Rekha: The Untold Story opens with Rekha's marriage to Delhi-based industrialist Mukesh Agarwal (1953–1990)^{:3–4} in March 1990, which lasted only seven months after her husband died by suicide, and the media's controversies that generated after this. It follows by her birth to unmarried couple Gemini Ganesan and Pushpavalli—both were South Indian actors—in 1954, which was followed by rumors in the media. The book chronicles her acting career, including her Tamil debut, the commercially successful social drama Rangula Ratnam (1966), in which she made a cameo appearance as a child artist, and Sawan Bhadon (1970). She was initially planned to made her Hindi debut with Anjana Safar (1979), which was delayed for ten years due to censorship problems. It then extensively examines several successful films of Rekha in Hindi cinema, including Khubsoorat (1980) and Umrao Jaan (1981), which won her the Filmfare Award and National Film Award for Best Actress, respectively.^{:12–114}

The book investigates controversies generated by Rekha's collaboration with Amitabh Bachchan and his wife Jaya Bachchan, for the 1981 romantic drama Silsila, after the media reported an affair rumor between Rekha and Amitabh. This follows by the information about her failed relationship with several actors, and her setback in the early 1990s, when her later films poorly received by both audiences and critics. It continues with her resurgence with Phool Bane Angaray (1991), Khiladiyon Ka Khiladi (1996) and Aastha: In the Prison of Spring (1997), all of which were success at the box office and received positive reviews from critics. Her acting career from the 2000s to 2010s and her term of office as the Rajya Sabha's member also chronicled. It tells several journalists' interviews of Rekha and a number of critics' and her contemporaries' opinion about her. The book ends with her meeting with Amitabh and Jaya Bachchan at the Screen Awards ceremony in 2016.^{:122–204}

== Background ==
In the foreword of Rekha: The Untold Story, Yasser Usman said, "I grew up [...] when her career was on the downslide. But I certainly love some of her performances from that decade and have always especially enjoyed her interviews." After publishing Rajesh Khanna: The Untold Story of India's First Superstar in 2014, Usman was continuously getting handwrite letters and e-mails from his fans. He revealed that "some still find their way into my inbox", and they expressed how they "were distressed, and surprised, to learn Rajesh Khanna's loneliness, little known about before."^{:ix} It motivated Usman for knowing other popular film stars' life, and he decided to write his second book on Rekha, whom he called an "eternal fighter".^{:ix} Rekha: The Untold Story marked the second book on the actress after Mohan Deep's Eurekha! (1999), which garnered negative reviews from critics.

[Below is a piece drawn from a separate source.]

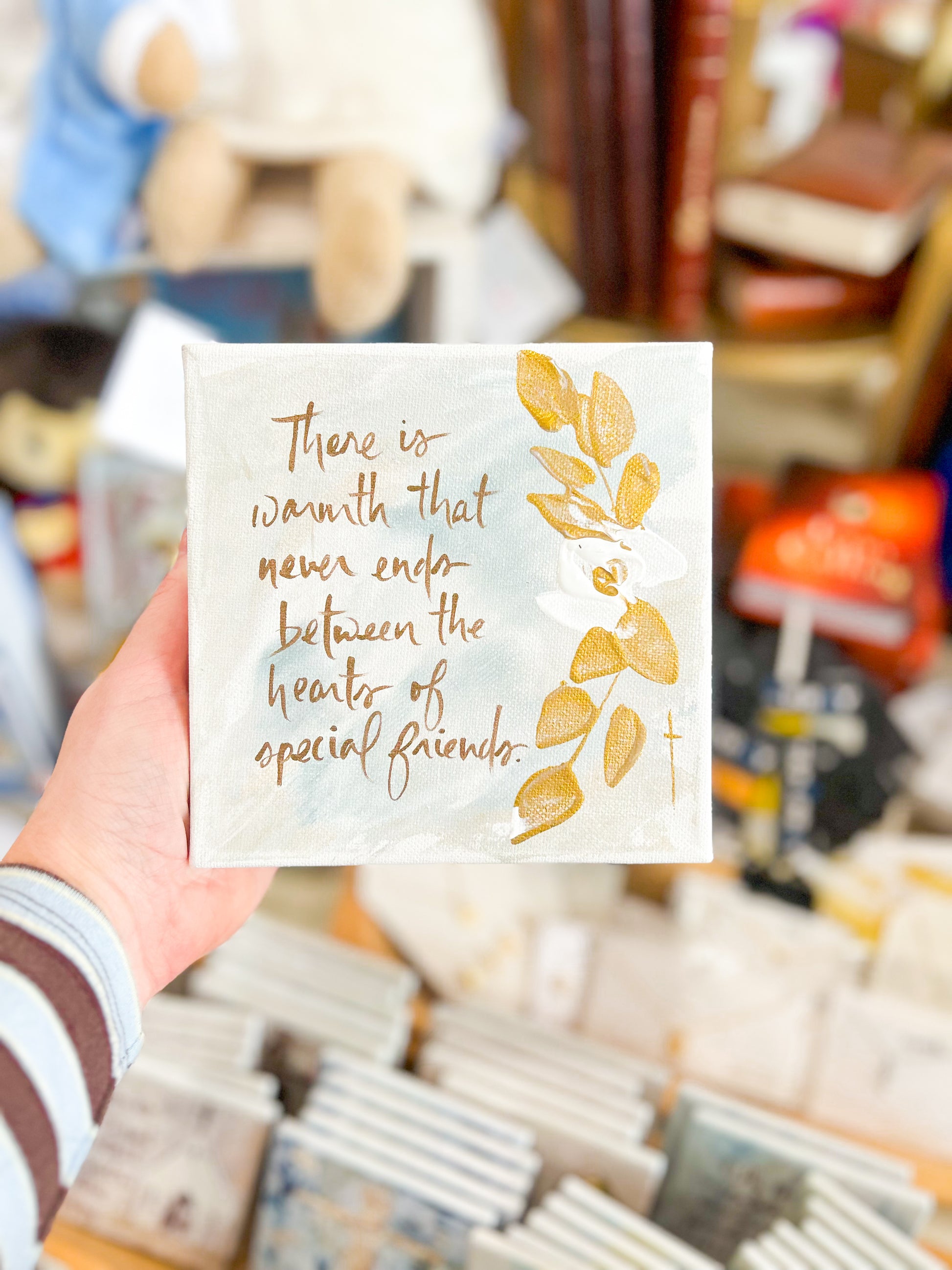 6x6 There is Warmth Gold and White Florals

== Development and writing ==

"It's a story close to my heart. When I began writing it, many people told me—What's there to write? We know her story! That is true to an extent. But I want to present her complete story—her struggles, her pain, her rise, her downfall and then the phenomenal fightback—so that her life is understood in a new perspective."
— —Usman on Rekha: The Untold Story

Rekha: The Untold Story was the second book of Usman's "untold" trilogy. While working on Rajesh Khanna, he got to know several facts about Rekha but felt hesitant to discuss it. He needed around three years to decide to write the biography, saying, "Rekha is mostly talked with relation to her association with Amitabh Bachchan—as if she has only one aspect to her personality. This one-sided narrative had to be changed." The media often more focused on them when they attended same award ceremonies to increase the target rating point. Usman wanted a book on Rekha "that would make the reader think differently about Rekha". He compared Khanna's to her life and found them to be "similar", stating that "their on-screen personas are difficult to reconcile with their loneliness."

Usman took more than one year to write Rekha: The Untold Story. He collected several archives of magazines—such as Stardust, Star & Style and Super—and interviews on Rekha from the late 1960s, 1970s, 1980s and 1990s at the National Film Archive of India in Pune. According to Scroll.in, "This strategy gives [it] the same breathlessly gossipy quality of the smouldering actress' numerous interviews." Apart from that, Usman spoke of how "she used to give very lively interviews in those days, before she came to be known as a reclusive diva". He also approached around 40 to 50 people who worked with Rekha and close to her, including Gulzar, Muzaffar Ali, Shyam Benegal and several other journalists; he spoke of his confusion when most of them reacted, "Why Rekha?", and talked about her in sexist ways. In 2016, he revealed that they called Rekha an "unprintable name" and mocked her relationships and affairs,^{:x–xi} adding that most of her collaborators also forgot their experiences with her or they did not want to talk about her.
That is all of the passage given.